Radio Deals: Paul notes discounts at Circuit Specialsts and $800 off the flagship Yaesu FTDX101D

Many thanks to SWLing Post contributor, Paul Evans, who passes along the following tips:

Circuit Specialists have started Black Friday, but only 10% off everything.

The code fer Circuit Specialists is CYBER2020

at checkout…10% off everything until midnight Monday.

There’s also a raffle for free 100MHz 2x DSOs and some pen style 25MHz
DSOs fer each purchase made during the time of the sale.

Click here to browse Circuit Specialists online.

Yaesu have $800 off the FTDX101D ($3050 instead of $3850!) inc. free shipping, of
course.

Check out FTDX101D pricing at Gigaparts, DX Engineering, and Ham Radio Outlet.

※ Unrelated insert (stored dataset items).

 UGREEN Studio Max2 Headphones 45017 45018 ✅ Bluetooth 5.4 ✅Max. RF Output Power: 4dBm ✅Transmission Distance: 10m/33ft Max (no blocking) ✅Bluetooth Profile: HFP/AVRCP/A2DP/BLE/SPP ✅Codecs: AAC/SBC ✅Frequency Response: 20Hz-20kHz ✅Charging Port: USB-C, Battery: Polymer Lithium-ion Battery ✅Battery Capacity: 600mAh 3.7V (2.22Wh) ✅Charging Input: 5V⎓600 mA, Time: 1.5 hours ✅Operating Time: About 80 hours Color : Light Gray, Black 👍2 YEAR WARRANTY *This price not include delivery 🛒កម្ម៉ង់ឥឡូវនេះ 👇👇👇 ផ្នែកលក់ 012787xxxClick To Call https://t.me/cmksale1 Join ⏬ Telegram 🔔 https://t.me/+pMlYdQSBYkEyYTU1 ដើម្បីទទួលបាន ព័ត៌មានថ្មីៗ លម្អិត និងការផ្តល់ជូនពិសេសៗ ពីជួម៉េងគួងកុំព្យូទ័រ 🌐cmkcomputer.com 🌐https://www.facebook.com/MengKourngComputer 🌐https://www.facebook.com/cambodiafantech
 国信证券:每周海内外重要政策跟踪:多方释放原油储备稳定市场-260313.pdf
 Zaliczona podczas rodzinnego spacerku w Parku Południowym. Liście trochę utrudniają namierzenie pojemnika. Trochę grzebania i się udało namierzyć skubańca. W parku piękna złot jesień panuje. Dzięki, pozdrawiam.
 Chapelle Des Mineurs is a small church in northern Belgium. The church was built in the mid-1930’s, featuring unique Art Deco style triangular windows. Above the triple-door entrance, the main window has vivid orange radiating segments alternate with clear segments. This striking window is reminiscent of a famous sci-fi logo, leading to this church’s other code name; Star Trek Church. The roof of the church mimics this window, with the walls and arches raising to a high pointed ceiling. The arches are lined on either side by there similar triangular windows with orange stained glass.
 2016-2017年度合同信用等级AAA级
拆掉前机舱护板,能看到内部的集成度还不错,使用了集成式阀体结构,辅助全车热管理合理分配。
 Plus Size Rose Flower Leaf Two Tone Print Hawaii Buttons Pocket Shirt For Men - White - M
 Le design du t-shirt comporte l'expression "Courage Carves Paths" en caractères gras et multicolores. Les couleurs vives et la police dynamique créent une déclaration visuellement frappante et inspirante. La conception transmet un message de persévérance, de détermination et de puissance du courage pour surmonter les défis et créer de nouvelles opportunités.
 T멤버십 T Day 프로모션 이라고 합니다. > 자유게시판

Thank you for the tips, Paul. Wow–if I had the funds, I would jump on the FTDX101D! Could Father Christmas be that generous–? One can dream! 🙂

Spread the radio love

7 thoughts on “Radio Deals: Paul notes discounts at Circuit Specialsts and $800 off the flagship Yaesu FTDX101D

  1. 13dka

    “why can’t they decode digital signals.”

    Because…

    “Equipment of this cost an complexity are trying to get clear sound from weak signals”

    😉

    Reply
  2. Mangosman

    This transceiver like many new products use the Software Designed Receiver technology. Equipment of this cost an complexity are trying to get clear sound from weak signals why can’t they decode digital signals. Digital Radio Mondiale receivers ignore all the interference and can even give stereo sound. Why don’t they buy the software and add it to the existing software they have designed to run the receiver?

    Reply
    1. Thomas Post author

      The FTDX101D is a ham radio transceiver and DRM isn’t a mode used in the world of ham radio. There are a number of digital voice modes (D-Star, DMR, System Fusion), but they’re not as effective as analog modes on the HF bands. There are a number of D-Star HF nets, but few HF radios can transmit D-Star on HF (save a few Icom radios like the recent IC-705).

      In general, though? Digital voice modes just don’t give the user the reliability and distance per watt as analog modes yet.

      Reply
        1. Thomas Post author

          Thanks, Robert. I’ve seen FreeDV before, but have never used it. The audio in the second link is pretty impressive. It can be challenging for digital voice modes to handle QSB on the HF bands. The interesting thing to me is I’ve been an analog listener for so much of my life, it’s easier for me to pull a voice out of a weak and fading SSB signal that a digital signal that is experiencing the “R2D2” effect from dropped data. I’m sure for some, it’s the opposite.

          Reply
          1. Robert Richmond

            Similar thoughts. I generally would prefer a weak-signal SSB copy than highly-compressed digital audio with compression artifacts, clipping, fallouts, etc. as well.

            That said the FreeDV devs like pushing the envelope for an open source codec. Codec 2 already was demo’d as low as 450bps a couple of years ago, and now they are looking into VQ-VAE tech.